Alzheimer’s disease (AD) is the most common cause of dementia; it is a progressive cognitive and functional impairment with memory loss that affects over 40 million people worldwide [1]. AD incidence is expected to increase in the coming years; most cases are sporadic and of late-onset, without presenting a proven hereditability [2]. The prevalence increases with life expectancy and affects 10–30% of people over 65 years of age [3]. AD displays a complex etiology that represents a great challenge to elucidate the mechanisms that trigger its onset. However, multiple research groups have provided important insights regarding the biological mechanisms that cause AD.
The most prevalent hypothesis about the onset of AD is the deposition of Amyloid-beta (Aβ) fragments that induce neurotoxicity and, ultimately, neuronal death [4]. However, another possible cause widely accepted is the accumulation of neurofibrillary tangles (NFT) derived from the hyperphosphorylation of Tau [5], a protein that organizes cytoskeletal elements of neurons.

2. The Role of Aβ in AD

Amyloid precursor protein (APP) is a transmembrane protein with three domains, extracellular, transmembrane, and intracellular [6]. Soluble APP (sAPP) is involved in cell survival, neurite growth, synaptogenesis, and synaptic plasticity [7][8]. APP can be cleaved by several secretases and the non-amyloid processing involves α-and γ-secretases.
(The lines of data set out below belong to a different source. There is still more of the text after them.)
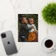 Scripted Photo Happy Thanksgiving Foil Holiday Card with brushed calligraphy script type lettering. Blank inside for your handwritten message.
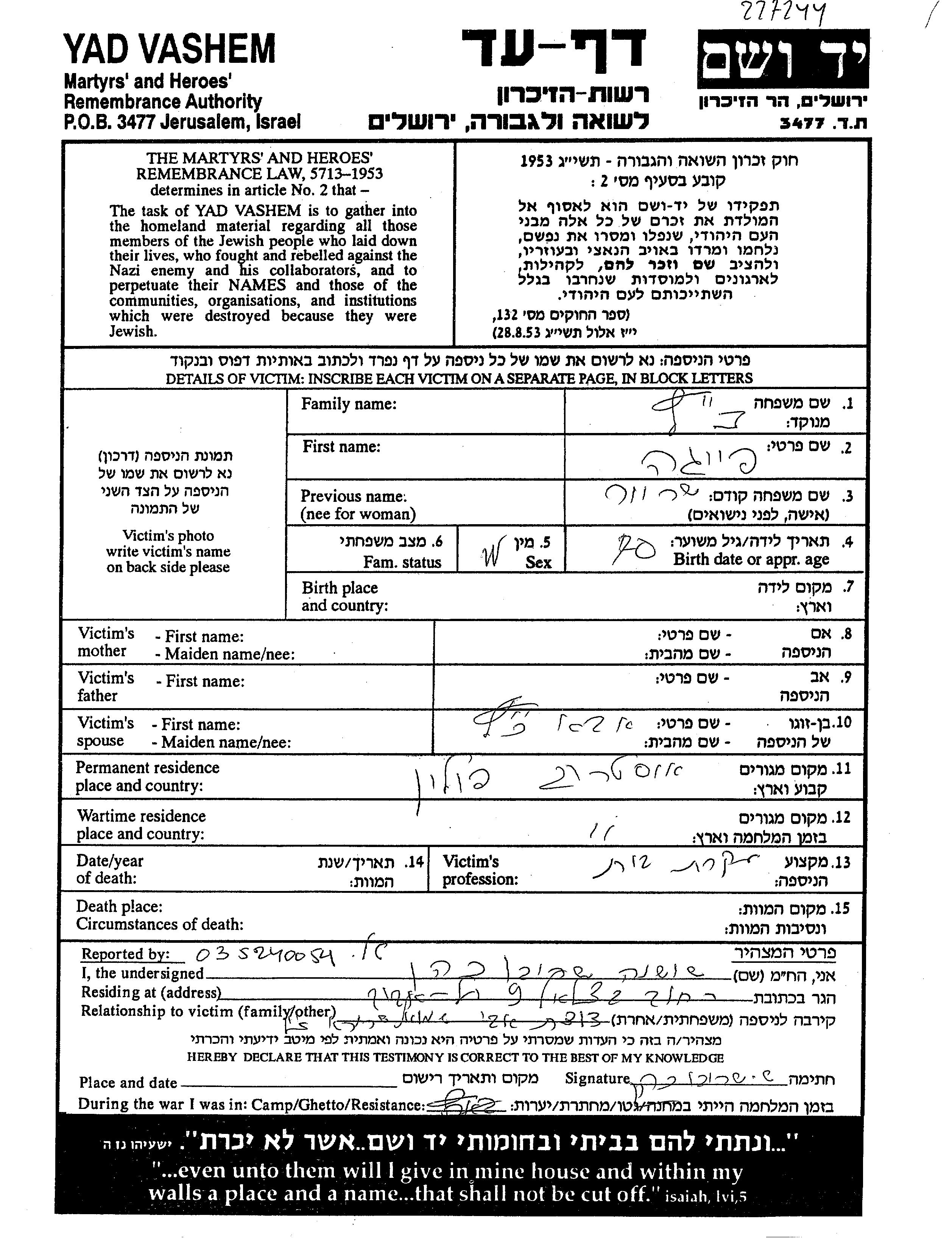 Feiga Kaz Katz nee Shrayer was born in Ukraine (USSR). She was a housewife and married to Aba. Prior to WWII she lived in Ostrog, Poland. During the war she was in Ostrog, Poland. Feiga was murdered in the Shoah.
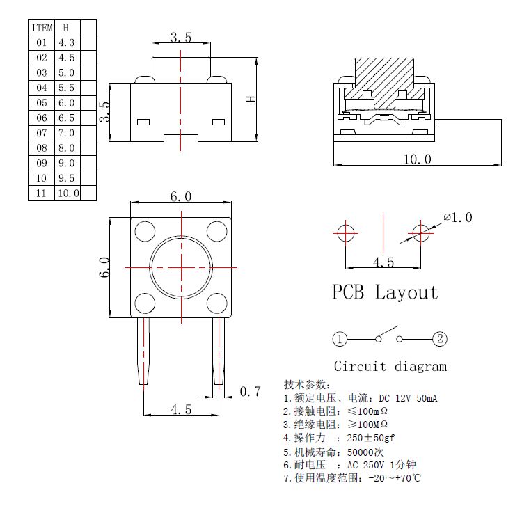 規(guī)格:6mm*6mm ? ? ? ? ? ? ? ? ?力度:250士50gf
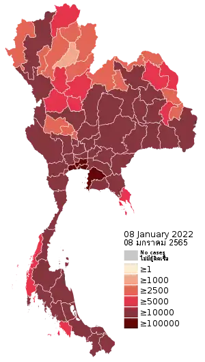 In mid-December, an outbreak occurred in Samut Sakhon, just southwest of Bangkok, increasing the country's total confirmed cases by at least 20%.[45] Cases in the province, which is the center of the country's fishing industry, primarily impacted migrant workers from Myanmar,[45] a major source of labour in the seafood industry.[46] Over 1,300 cases were traced to a seafood market in Samut Sakhon, as cases were detected in 27 provinces.[47] Before the surge, Thailand had recorded about 4,300 COVID-19 cases and just 60 deaths, while Myanmar had registered about 117,000 cases.[46] The 576 cases reported on 20 December was Thailand's biggest daily increase and caused the nation's overall total to climb 13%.[48] A new cluster emerged in Rayong, linked to a gambling den. On 28 December, a worker at the den died, Thailand's first COVID-19 death in nearly two months.[49][50] With the clusters starting to spread into Bangkok, the Bangkok Metropolitan Administration announced that the city would close schools and daycare centres 4–17 January 2021.[51] Soon after, the Ministry of Education ordered all schools closed for the month of January.[52]
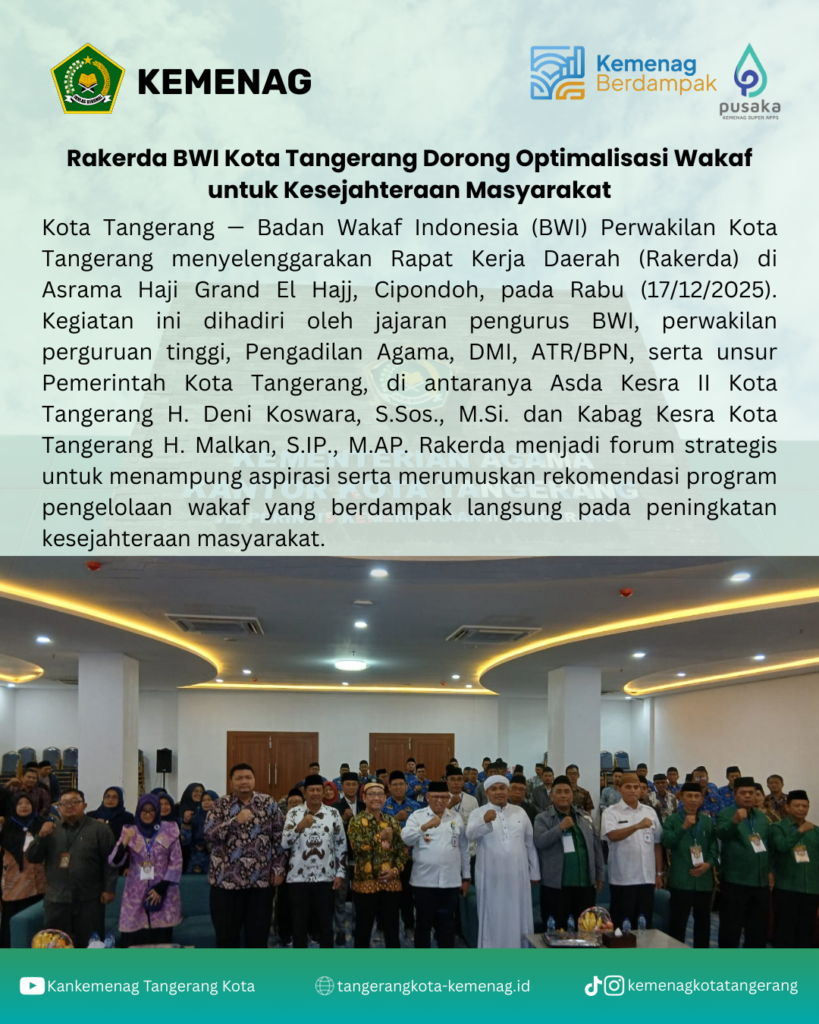 BeritaRakerda BWI Kota Tangerang Dorong Optimalisasi Wakaf Untuk Kesejahteraan MasyarakatBy Taqdirullah19 Desember 2025070 TerpopulerSamsudin: Mari Bekerja Berdasarkan Filosofi Hewan 22 Januari 2024 SDM KUA Harus Profesional 31 Agustus 2023 28 Pegawai Baru Rasa Lama Sah Dilantik 28 Agustus 2023 Senam pagi Meningkatkan Produktivitas Pegawai Kankemenag Kota Tangerang 20 Oktober 2023 Taqdirullah Post Views: 70BagikanFacebookTwitterWhatsApp Artikulli paraprakMeriahkan HAB Ke-80, Kemenag Kota Tangerang Gelar Perlombaan Tenis MejaArtikulli tjetërPerkuat Sinergi Pendidikan Al-Qur’an, Kemenag Kota Tangerang Teken MoU dengan LPTQ dan YLI Tiara Aksara 17 Agustus 2023 15 Agustus 2023 READ MORE 17 Agustus 2023 15 Agustus 2023 READ MORE Perayaan 17 Agustus 2023 14 Agustus 2023 READ MORE TerbaruRAT Koperasi Karyawan Kemenag Kota Tangerang Tahun Buku 2025 Teguhkan Transparansi dan Semangat Kekeluargaan 17 Februari 2026 Peringatan Isra Mi’raj dan Tarhib Ramadhan, Kemenag Kota Tangerang Perkuat Spirit Ibadah dan Penyuluhan Umat 11 Februari 2026 Kemenag Kota Tangerang Teguhkan Komitmen Peningkatan Mutu Guru Madrasah 4 Februari 2026 Kemenag Kota Tangerang Salurkan Santunan HAB Ke-80, Prioritaskan Siswa Madrasah 3 Februari 2026 Kepala Kankemenag Kota Tangerang Soroti Keberpihakan Kemenag pada Guru Madrasah di Rakerda II PD IGRA 3 Februari 2026
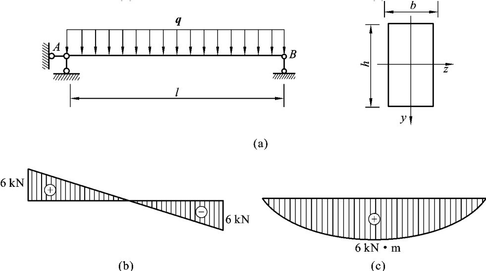 【例5-12】 如图5-19(a)所示为一简支木梁,承受均布荷载q=3kN/m,梁的跨度l=4m,截面尺寸为b×h=120mm×180mm,材料的许用正应力[σ]=10MPa,许用切应力[τ]=1. 1MPa。试校核此梁的强度。
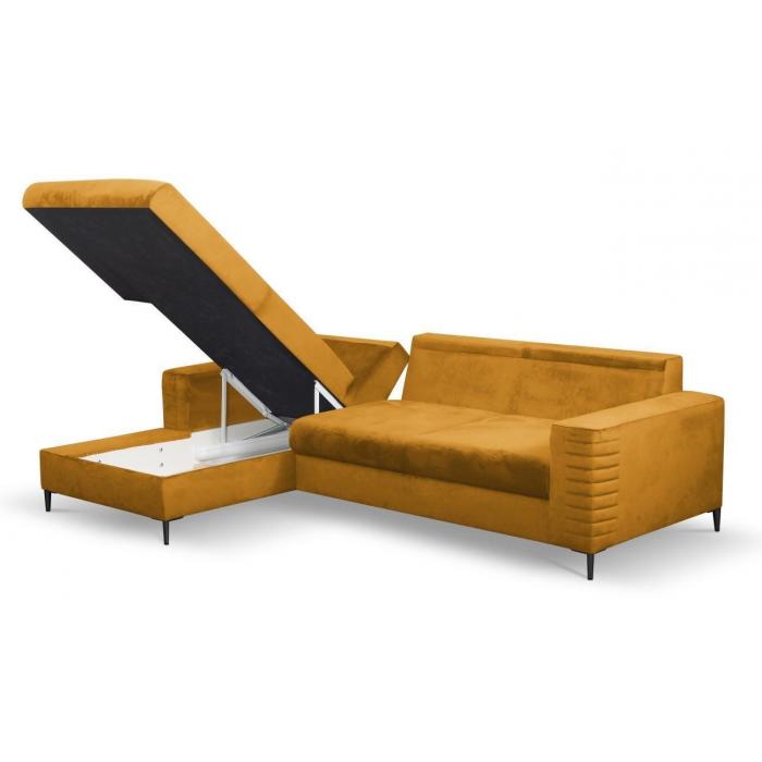 Nowoczesny narożnik Collin z pojemnikiem w otomanie, pozwala na przechowanie kompletu pościeli oraz innych tekstylia domowe na które do tej pory brakowało miejsca.
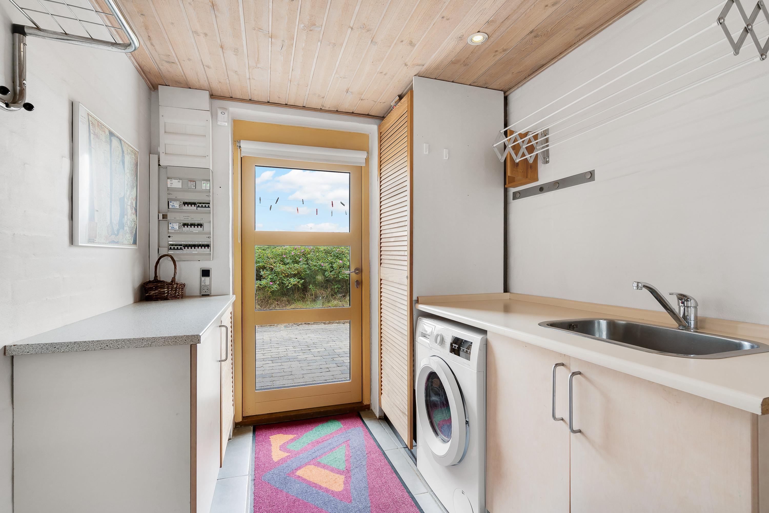 Så snart I parkerer bilen ved feriehuset vil I blive mødt af den friske, salte havluft – feriehuset på Havstien 14 ligger nemlig blot 50 meter fra Rindby Strand. Efter I har besteget klitten, står I med fødderne i det fine sand og kan nyde den spektakulære udsigt udover Vesterhavet. Efter en tur på stranden, kan I skylle jer af under udebruseren. Denne kan benyttes fra april til november.
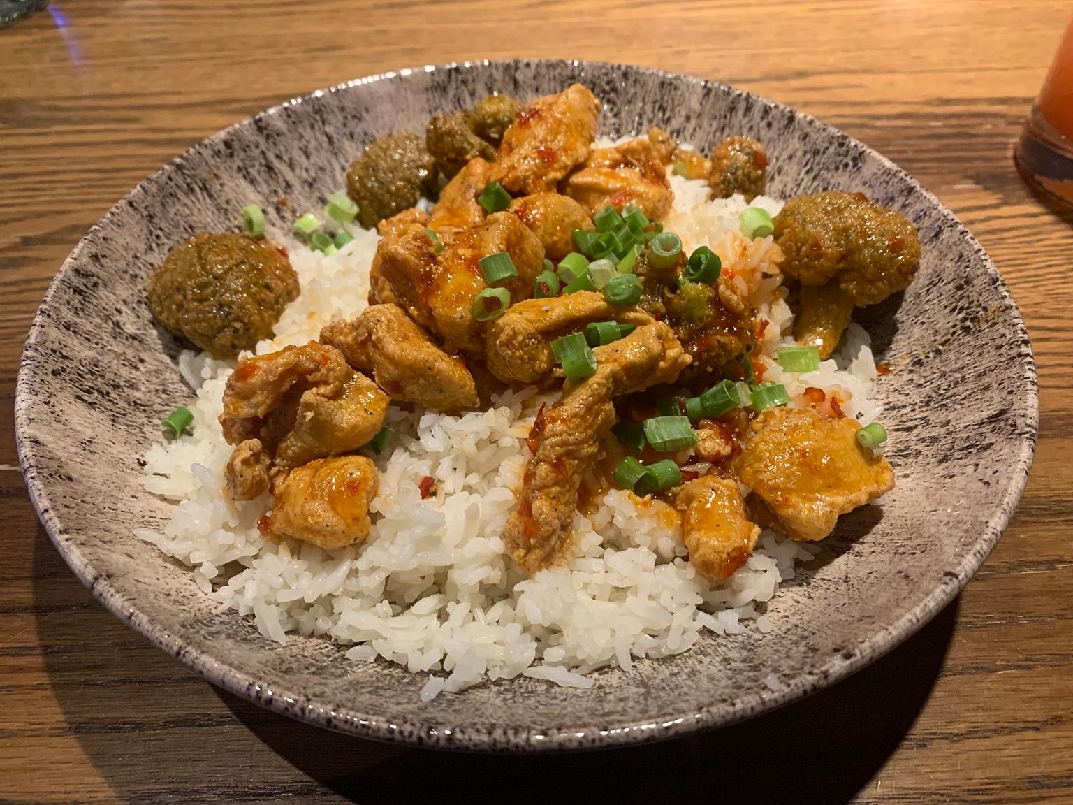 The entree that I tried was the General Tso’s chicken. It consisted of sesame fried chicken, tempura broccoli and bang bang sauce on a bed of coconut jasmine rice. The bang bang sauce was quite good, with enough spice to give the chicken a little bit of bite, but a sweet aftertaste that cooled the heat after the initial bite. I wanted more sauce to cover my rice as well, and my friend brought it over after I requested it.

In amyloidogenic forms, β-secretase (BACE1), rather than α-secretase, is the main protease involved, producing mostly Aβ1-40 and, to a lesser extent, the more amyloidogenic form Aβ1-42. Aβ1-40 tends to accumulate in the vasculature, while Aβ1-42 constitutes the predominant form in amyloid plaques [9]. Monomers, oligomers, fibrils, and amyloid plaques are the different conformations of Aβ aggregation in the brains of patients with AD. Aβ does not adopt a single folded form but acquires a set of conformations prone to aggregation in the form of Aβ oligomers, and these are transient forms between monomers and fibrils [10]. Oligomers and fibrils are the most toxic arrangements for forming Aβ [11].
Importantly, ε4 allele of apolipoprotein E (APOEε4) is the main genetic risk of late-onset AD. Apo-E proteins participate in Aβ clearance and Apo-E4 is less efficient in performing this process than other isoforms such as Apo-E3, suggesting that its participation in Aβ accumulation is in accordance with the increased deposition of Aβ observed in the brain of APOEε4 allele carriers [12].
AD pathology investigation has been widely focused on Aβ theory, however, there are still no successful therapies to treat AD by targeting Aβ and recently the theory was challenged since some inconsistencies were found in the research of Aβ*56 isoform [13]; therefore, the role of Aβ*56 in AD should be carefully considered and other strategies such as targeting Tau or microglia activity need to be addressed as therapeutic alternatives to Aβ targeting [14].

3. Tau and AD

Tau neurofibrillary tangles are closely related to neuronal loss and clinical symptoms of AD [15]. Although Aβ can initiate a cascade of events related to AD onset, Tau impairment is probably the main effector that induces neurodegeneration. Tau is involved in microtubule stabilization and dynamics, myelination, axonal transport, neurogenesis, neuronal excitability, glucose metabolism, DNA protection, iron homeostasis, motor, learning, and memory functions [16]. The accumulation of Aβ is a hallmark of AD, while Tau pathology also exists in other tauopathies [17]. Tau is predominantly expressed in the adult human central and peripheral nervous system, with different isoforms in the central nervous system (CNS) produced through alternative splicing of the Microtubule-associated protein tau (MAPT) comprising 16 exons located on chromosome 17q21.3 [18]. Tau is most abundant in the axons of nerve cells. In the brain, Tau has several post-translational modifications and the most studied is its phosphorylation which negatively regulates its ability to interact with microtubules. Tau is primarily an intracellular protein, but it is also present in the extracellular space and interstitial fluid [19]. Tau is phosphorylated in the AD human brain forming intraneuronal aggregates known as NFT [20], although not all phosphorylated Tau is aggregated [21]. In AD, Tau aggregates follow a well-defined pattern, which begins in the entorhinal cortex and hippocampus [19]. Tau pathology can also be mediated by Aβ oligomerization which induces Tau oligomerization in vitro [22]. Moreover, Aβ deposition was associated with increased phosphorylated Tau in the cerebrospinal fluid from AD patients and the 5xFAD mouse model [23].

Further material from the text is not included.